Friday, August 17, 2007

Wingtip Sloat Reviewed On Pitchfork.


Fifteen years down the road Wingtip Sloat finally recieves some much deserved recognition.

Wingtip Sloat
Add This to Rhetoric
[VHF; 2007]
Rating: 8.3

As is often the case with concurrent, like-minded bands, a lot of the underground rock groups of the early 1990s felt pretty similar at the time, but eventually splintered widely. Some ventured above ground (Pavement, Sebadoh), some followed unbeaten paths (Sun City Girls, Thinking Fellers Union Local 282), and some ended up frozen in time (Trumans Water, Fly Ashtray). A rare few left behind music that remains inextricably tied to the era, yet is somehow transcendent too.

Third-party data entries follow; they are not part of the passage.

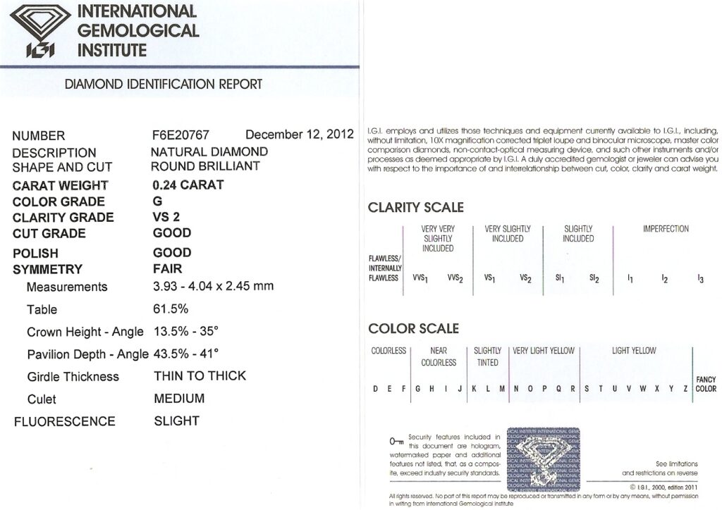 Diamant 0.24ct G/VS2 s IGI certifikátem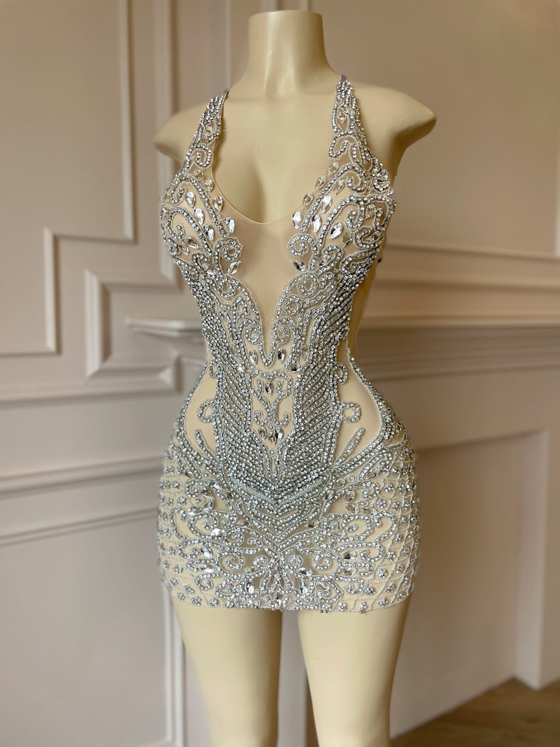 Featuring a feather detail that slowly captivates the crowd, this rhinestone-encrusted piece will bring you a newfound confidence you never thought you had. Custom-made for your pleasure, here’s a dress crafted from a solid stretch material for added comfort, paired with a zipper closure for a convenient design.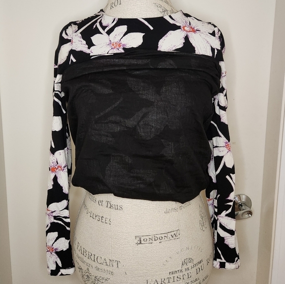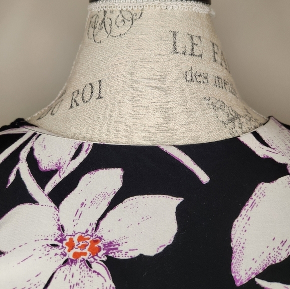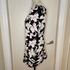 Black with large White Purple & Orange Orchid blossom Floral Print Longsleeve Crewneck Shift Dress, by 1987 Vero Moda from ASOS.

Virginia's Wingtip Sloat were that kind of band. Their brainy brand of indie/punk/grunge/math, married as it was to pre-computer recording and pre-dot-com slackdom, could only have happened in the early 90s. Yet it sounds uncannily fresh today, as if high-rises and strip malls shot up around the group's basement studio without tarnishing the beer-drenched walls and tobacco-stained bathroom, leaving their fantastic sound echoing there, perfectly preserved and surprisingly undated. You can hear that decently on the band's two later albums, 1995's Chewyfoot and 1998's If Only For the Hatchery. But the most convincing proof has up to now gathered dust on early, out-of-print 7"'s and cassettes.

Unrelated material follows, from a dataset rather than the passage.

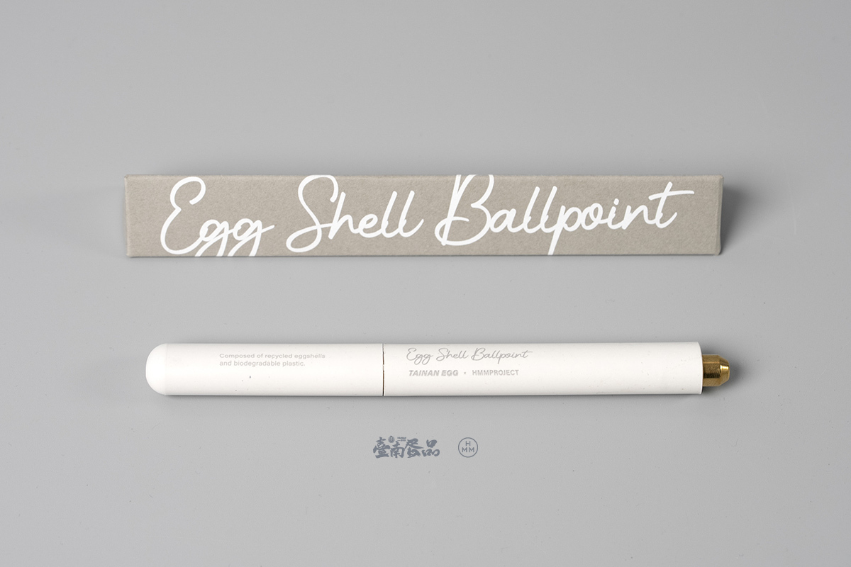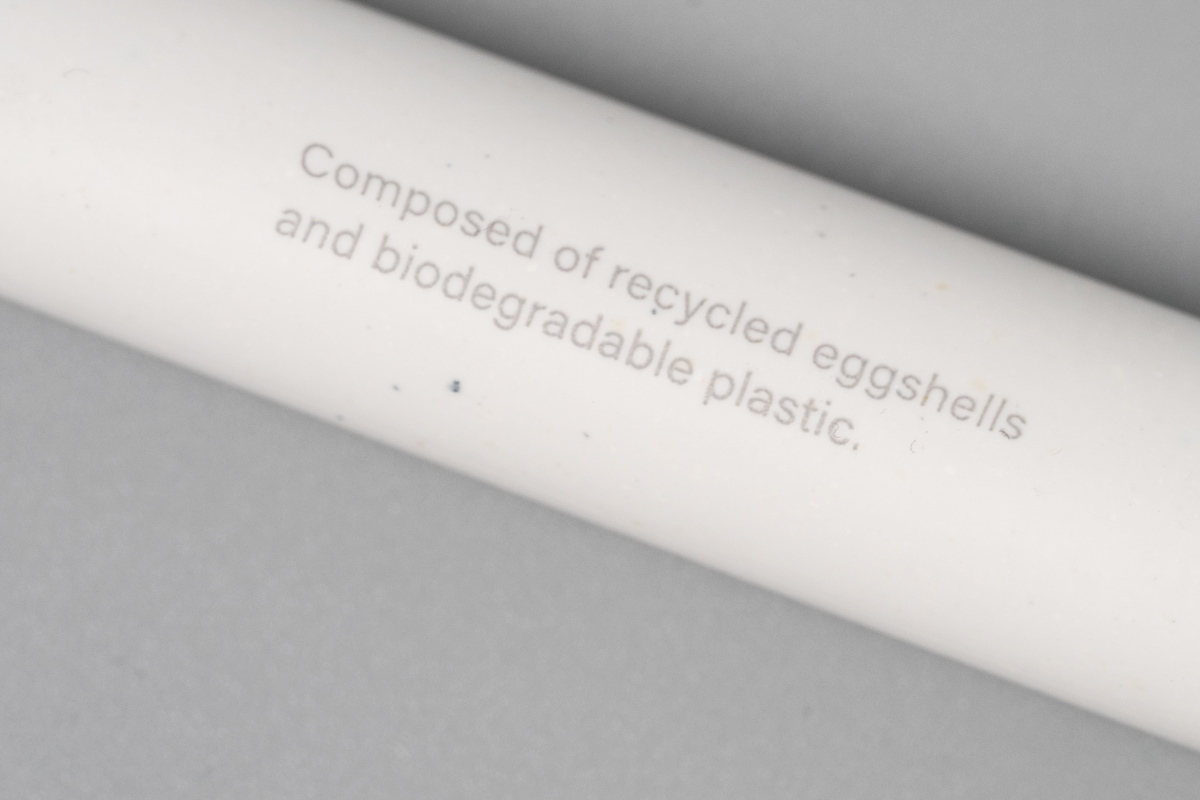 採用回收蛋殼粉複合可生物分解塑料PBAT,筆身表面平滑,但視覺上在表面保留了細微磨碎的蛋殼質點,質地特殊,每一支筆的紋理皆不同,保留最真實的土地溫度。

Add This to Rhetoric collects those artifacts, forging a kind of living, sweating time capsule. As for what it actually sounds like, that's best left to Sloat's Patrick Foster, who in his liner notes calls the perfectly-titled "I Wish I'd Been There to Make It a Cliché" the prototypical Sloat song. "It's all there," he rightly boasts. "Arch/true/ironic song title, stop-start nervous discharge, chaos, self-referencing lyrics, kick-axe drumming, a gut-punching bass, a guitar hanging on for dear life and a ridiculous coda that even made us laugh most of the time." To which I'd add a proggy use of shifting tempos, an affinity for overlapping vocals, and a snarling energy more openly indebted to punk than anything Pavement would've ever copped to.

Otherwise, Wingtip Sloat and Pavement's influences were pretty similar, from the Velvet Underground across to the Fall and Wire and up through the Swell Maps, the Clean and Tall Dwarfs. But in contrast to Pavement's sly dodges, Wingtip Sloat owned up to their borrowings. Hence the inclusion here of their irresistible takes on the Swell Maps' "Read About Seymour", the Clean's "Anything Could Happen", Tall Dwarfs' "Beauty", and, in a nice show of team loyalty, Sun City Girls' drunken "Kill the Klansmen".

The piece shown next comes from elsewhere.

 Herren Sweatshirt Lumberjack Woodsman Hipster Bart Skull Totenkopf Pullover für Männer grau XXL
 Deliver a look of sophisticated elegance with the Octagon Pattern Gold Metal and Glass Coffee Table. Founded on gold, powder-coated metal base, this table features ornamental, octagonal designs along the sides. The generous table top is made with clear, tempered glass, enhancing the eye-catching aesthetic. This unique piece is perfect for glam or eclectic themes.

But Wingtip Sloat's originals burn most brightly through the haze of intervening years. Their 1991 debut 7", which opens the album, is basically perfect, four tracks full of rhythmic turns, spilling guitars, and savvy vocals. Sloat followed that up in 1992 with a 12-track double 7". Here the band's manic three-minute songs sit snugly next to one-minute toss-offs, much the way a stoned conversation turns profound musings and fleeting babble into sides of the same coin. (Such wordplay was a skill the group honed through their "pre-blog post-punk racing form" Sweet Portable You, which printed stories, rants, and other oblique ramblings under the guise of record reviews).

The rest of Add This to Rhetoric doesn't quite hit the same highs, but it's never less than compelling. The band continually finds the kind of mini-epiphanies that can only come from basement music made outside the sterilizing light of pro studios and promo budgets. That effect is summed perfectly by the album's back cover, a track listing made simply by piling up the individual, hand-decorated cassettes each song was recorded on. It's enough to transport you back to a time when cassettes and handwriting still mattered. But Add This to Rhetoric is no nostalgic reverie; it's less like faded ink than wet paint, still dripping with vivid sounds and ideas.